> EXERCISE AIM
Pick out and copy every line below that has the word "Shaikh".
___ DATA EXTRACTS ___
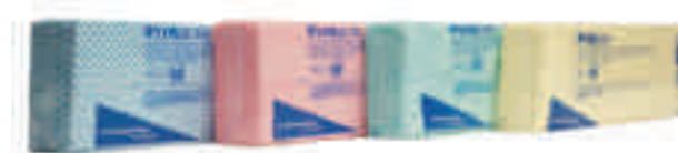
WYPALL® X80 Colour Coded Cloths
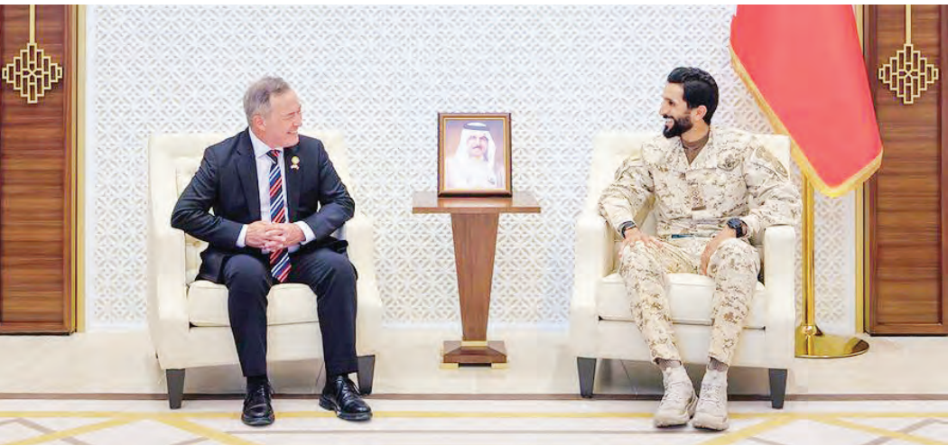
HH Shaikh Nasser receives US Congress delegation head, Representative James Moylan

The meeting was attended by His Excellency Shaikh Khalid bin Ali Al Khalifa, Deputy National Security Advisor, and H.E. Shaikh Ahmed bin Abdulaziz Al Khalifa, Chairman of
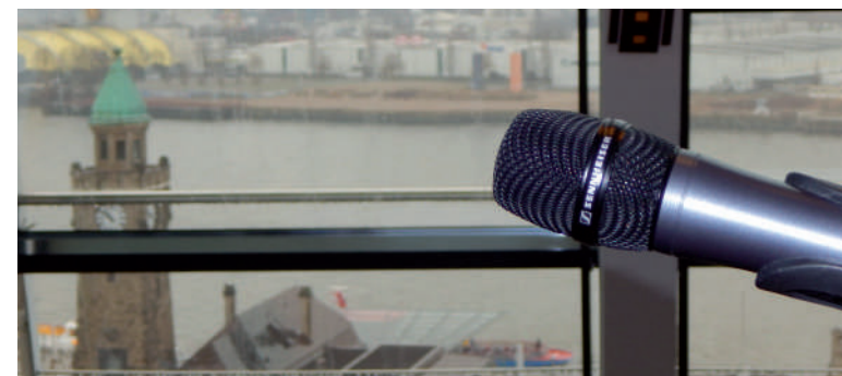
View of the St. Pauli Landing Piers from the conference room

Members of European Works Councils from EU countries as well as the United Kingdom, Norway, Iceland and Liechtenstein can request central management for time-off work and to cover conference expenses under Article 10 (4) of EU Directive 2009/38/EC. In most cases the EWC agreement or the SE participation agreement explicitly provides for an entitlement to training. This usually also applies to delegates from Switzerland and other non-EU countries. Members of European works councils governed by German law may participate in accordance with Article 38 (1) of the German EWC Act. Members of SE works councils governed by German law may participate in accordance with section 31 of the SEBG. German works council members may participate in accordance with section 37 (6) of the Works Constitution Act.
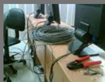
Networking Support Services
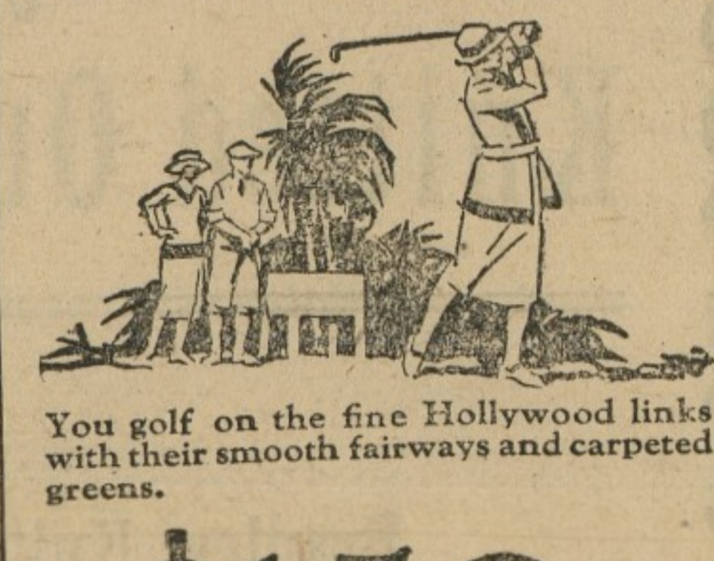
You golf on the fine Hollywood links with their smooth fairways and carpeted greens.
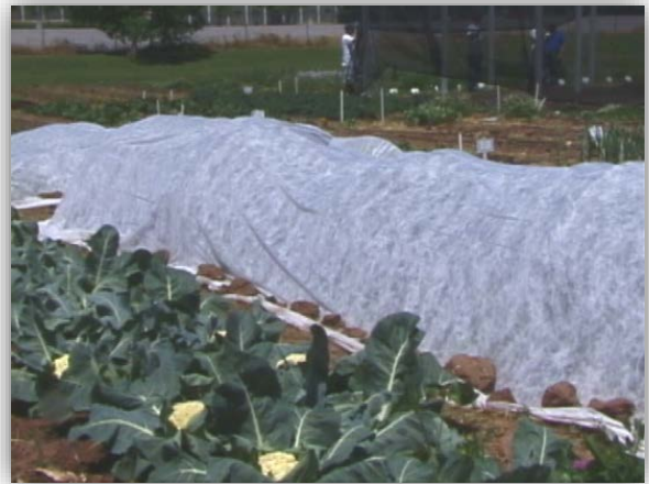
Figure 2. Floating row cover on broccoli and cabbage, protecting crops from cabbageworms moths.

Floating row covers are popular in commercial vegetable production where crops planted in large blocks are easily covered with row covers. Many brands and fabric types are commercially available.
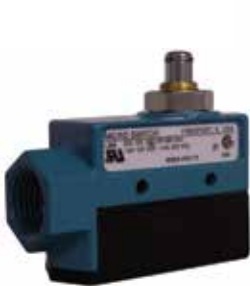
Plunger Style Door Switch
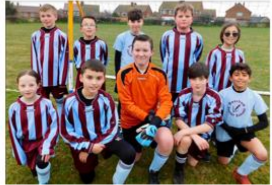
Heacham Hurricanes Y6
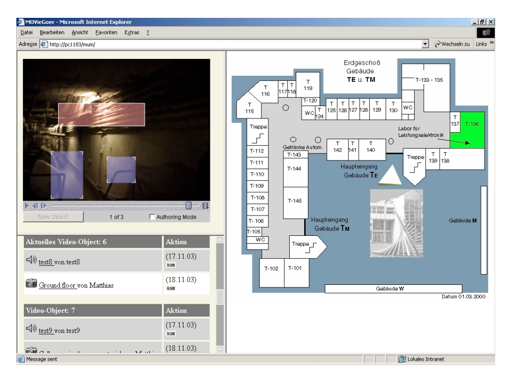
Figure 2: Graphical user interface of HyperVideo

Hypervideo authoring has been discussed repeatedly as an opportunity for performing collaborative hypervideo design projects in educational contexts (Chambel, Zahn & Finke, 2004; Zahn, Schwan & Barquero, 2002). Additionally, the new technology was evaluated and further developed during three psychology courses at the University of Muenster/Germany. These courses were planned according to an instructional program based on courses of hypertext writing, developed by Stahl and Bromme (2004) on the basis of models on text writing (e.g., Bereiter & Scardamalia, 1987). The course concept aims at utilizing central features of hypervideo design as constraints that foster knowledge transformation in learners (Stahl, Zahn, Schwan & Finke, submitted; Stahl, Zahn & Finke, submitted). The concept also aims at controlling basic influencing factors that were identified earlier by Stahl (2001) in the context of hypertext design tasks at school. These factors are of essential importance for our present purposes, as will be described in the following section.
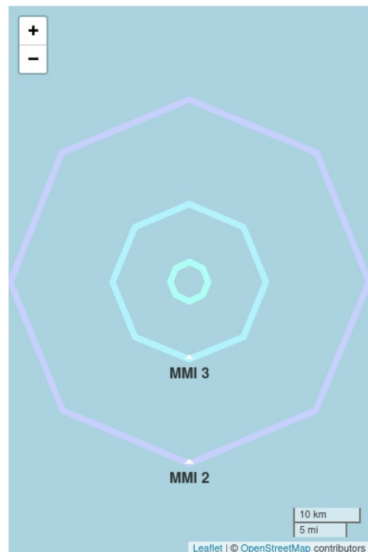
Figure 2. Polygons show the largest contours of estimated shaking intensity. Shaking of MMI 3 or less is often not felt. ANSS earthquake epicenter not available.

Report created 2025-06-20 00:55:00 (Pacific)
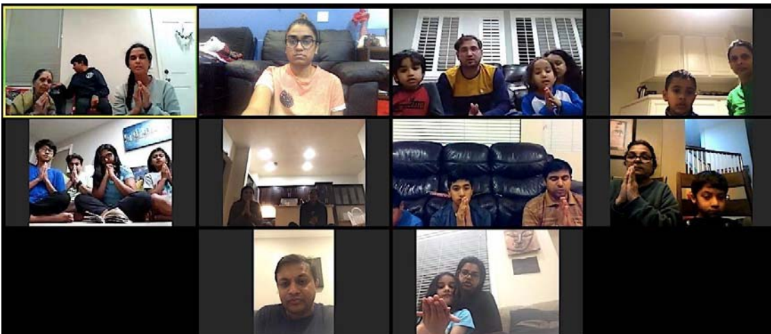
Mommy and Me class conduct evening prayers online.
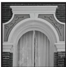
Decorative Window Hood

118 West 5th , A two story Italianate from the early 1880's has been completely refaced with a material to resemble white bricks. This building began as a funeral parlor and was the McWhinney Free Library before Carnegie Library opened in 1903.
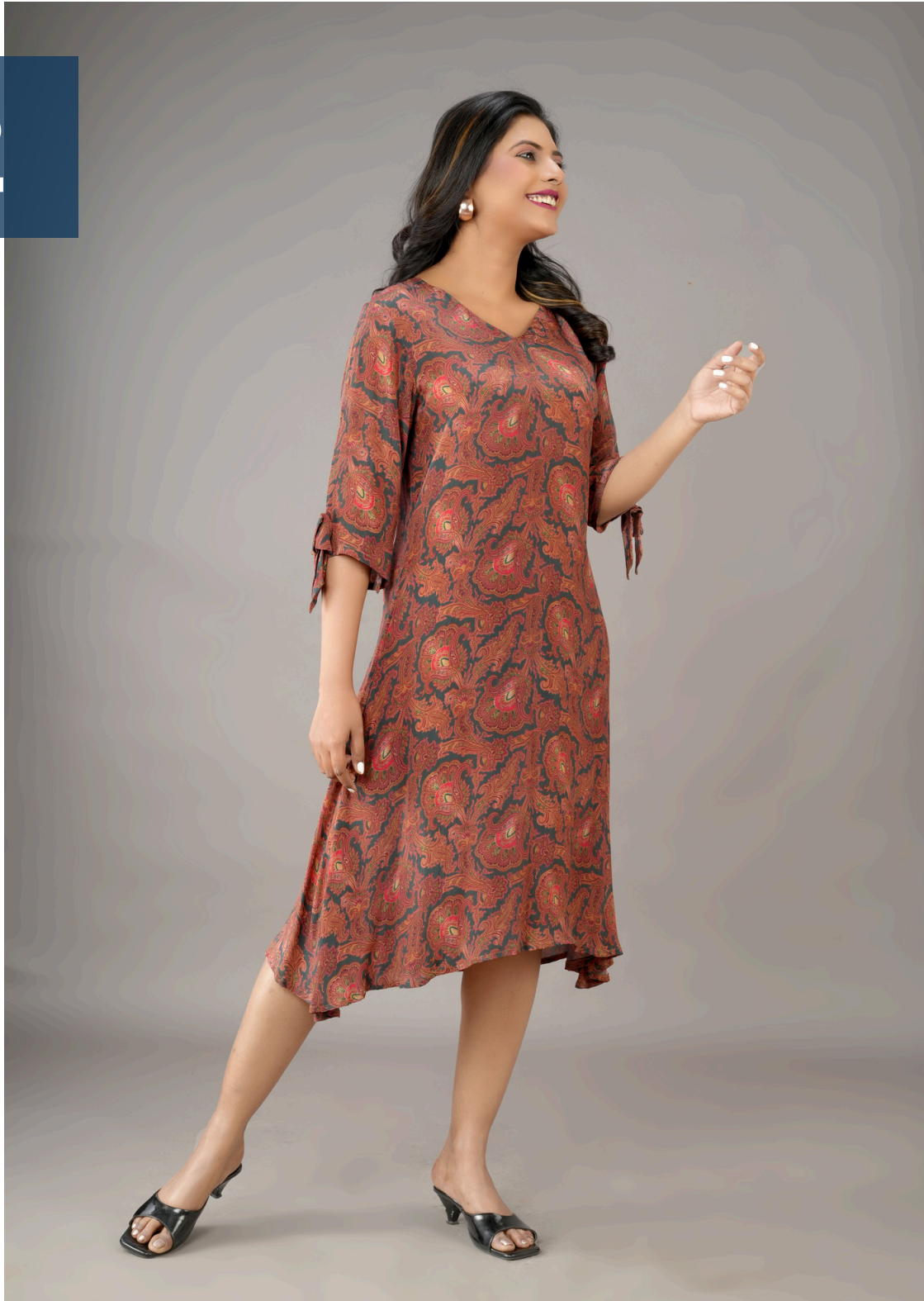
Printed Crepe Midi dress
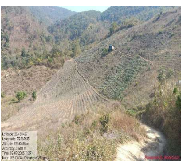
Chhungte, Champhai District
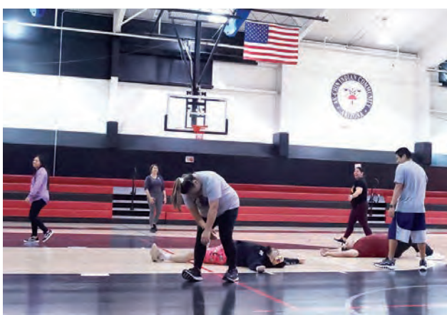
You can just see the agony of defeat in these players as they are totally devastated after losing out of the tourney.
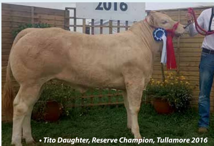
• Tito Daughter, Reserve Champion, Tullamore 2016

• Bulls for Sale • Heifers occasionally for sale • Top AI Sires used: Aneto, Tito
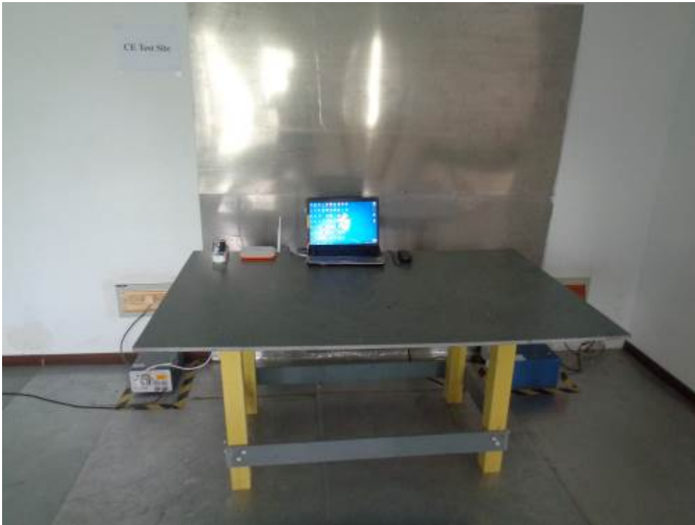
Conducted Emissions Test Setup – Front View
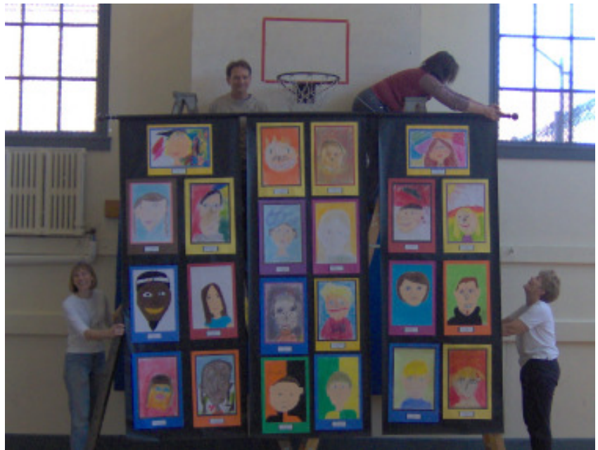
Parent volunteers brave their fear of heights to help transform the gym into an amazing art gallery.

Another successful children’s art show at Duniway!
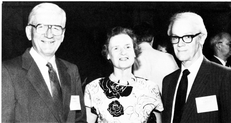
Norman F. Ramsey, left, immediate past president of Phi Beta Kappa, is pictured with his predecessor, Catherine S. Sims, and the Secretary of the Society, Kenneth M. Greene, at the triennial Council.

a term as senator. In announcing his retirement, Dilliard paid a warm tribute to John Hope Franklin's contributions to Phi Beta Kappa.
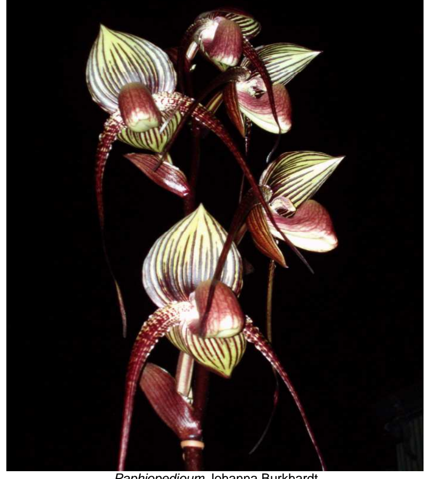
Paphiopedioum Johanna Burkhardt 'Springwater's Masterpiece,' AM/AOS

The future of paphs, or orchids in general he believes, lies in
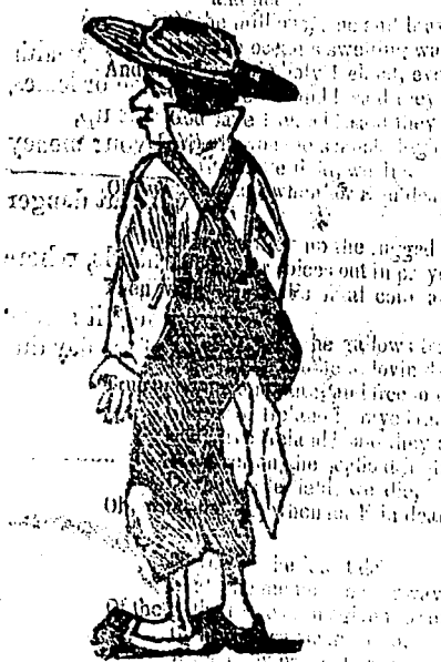
Hon. Member for Restigouche.
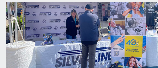
City of Carrollton residents and visitors enjoying the Switchyard Festival 2023

The DART Silver Line team was at Campbell Green Recreation Center's (North Dallas) and (Carrollton) Creekview High School's Trunk-or-Treat events. Participants spun the wheel to win Silver Line and DART swag. Parents and families learned more about upcoming closures and the ongoing project construction.
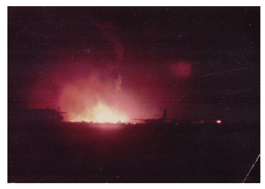
Rocket Explosion at VMGR 152 sub Unit #1 DaNang
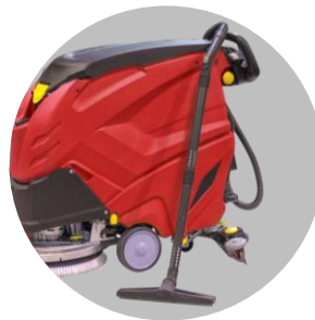
External Suction Kit vacuums liquids in hard to reach areas (optional).
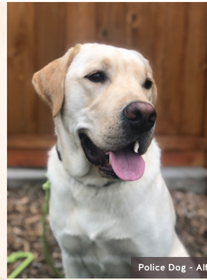
Police Dog - Alf
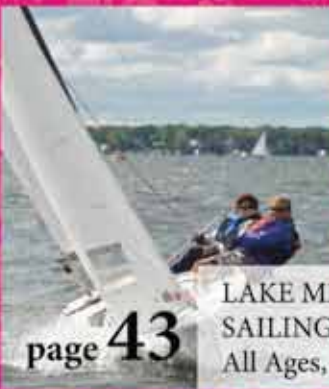
LAKE MINNETONKA SAILING SCHOOL All Ages, Page 43
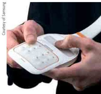
Samsung's Touch Messenger enables blind users to send text messages in Braille.
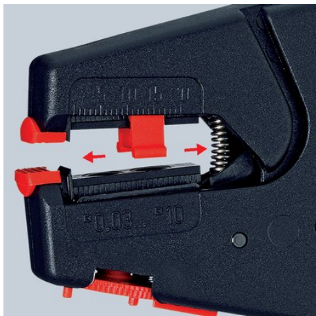
12 40 200: Adjustable length stop
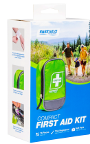
100% recyclable cardboard point of sale packaging with detailed product specifications
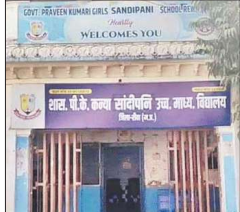
आंध्र प्रदेश सरकार के आदेश पर सादीपनि पीके स्कूल में मेट्रिक के आधार पर प्रवेश प्रक्रिया शुरू होगी।

सादीपनि स्कूलों में निजी स्कूलों के छात्रों के प्रवेश में रोक संबंधी आदेश शासन शिक्षा विभाग द्वारा वापस ले लिया गया है। शासन द्वारा प्रवेश संबंधी रोक हटा दी गई है। शासन के नए आदेश अब सादीपनि विद्यालयों में निजी स्कूलों के छात्र-छात्राओं के प्रवेश का रास्ता साफ हो गया है। नए आदेश के तहत सादीपनि पीके स्कूल में मेट्रिक के आधार पर प्रवेश प्रक्रिया को जारी रखा जाएगा। इसके लिए आज 9 जून से ऑनलाइन प्रवेश प्रक्रिया शुरू होगी। छात्रों को पीके स्कूल में प्रवेश के लिए उसके वेबसाइट में जाकर आवेदन कर सकते हैं।
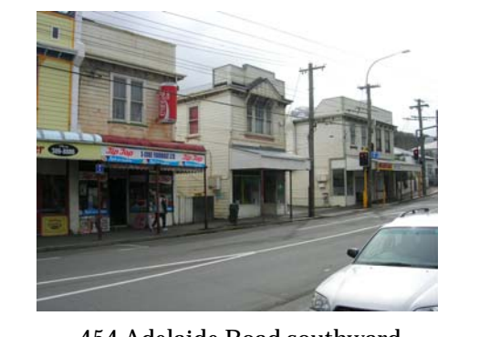
454 Adelaide Road southward

In response, the Hearing Committee note that this area was surveyed and it concluded that the historic streetscape was too fragmented, with too few buildings remaining. The area had also been compromised by a number of insensitive modern developments. It is for these reasons that this part of submitter 35's submission is not accepted.
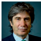
Message from Derek McCormack Vice Chancellor AUT University

AUT is New Zealand's second largest and fastest growing university. More than 28,000 students study at our three campuses across Auckland – the country's fastest growing city. In 2016 our students were born in 140 countries.
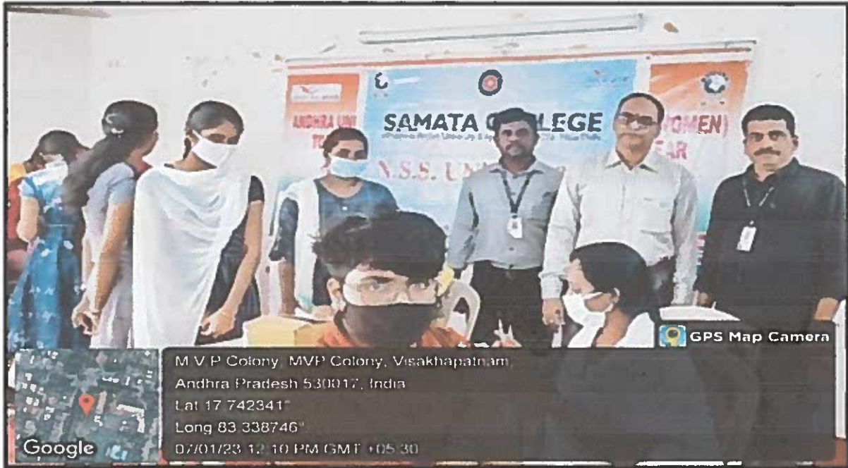
Students and Faculty and General Public Participating and Getting the COVID Vaccination
___
> RESULT
HH Shaikh Nasser receives US Congress delegation head, Representative James Moylan
The meeting was attended by His Excellency Shaikh Khalid bin Ali Al Khalifa, Deputy National Security Advisor, and H.E. Shaikh Ahmed bin Abdulaziz Al Khalifa, Chairman of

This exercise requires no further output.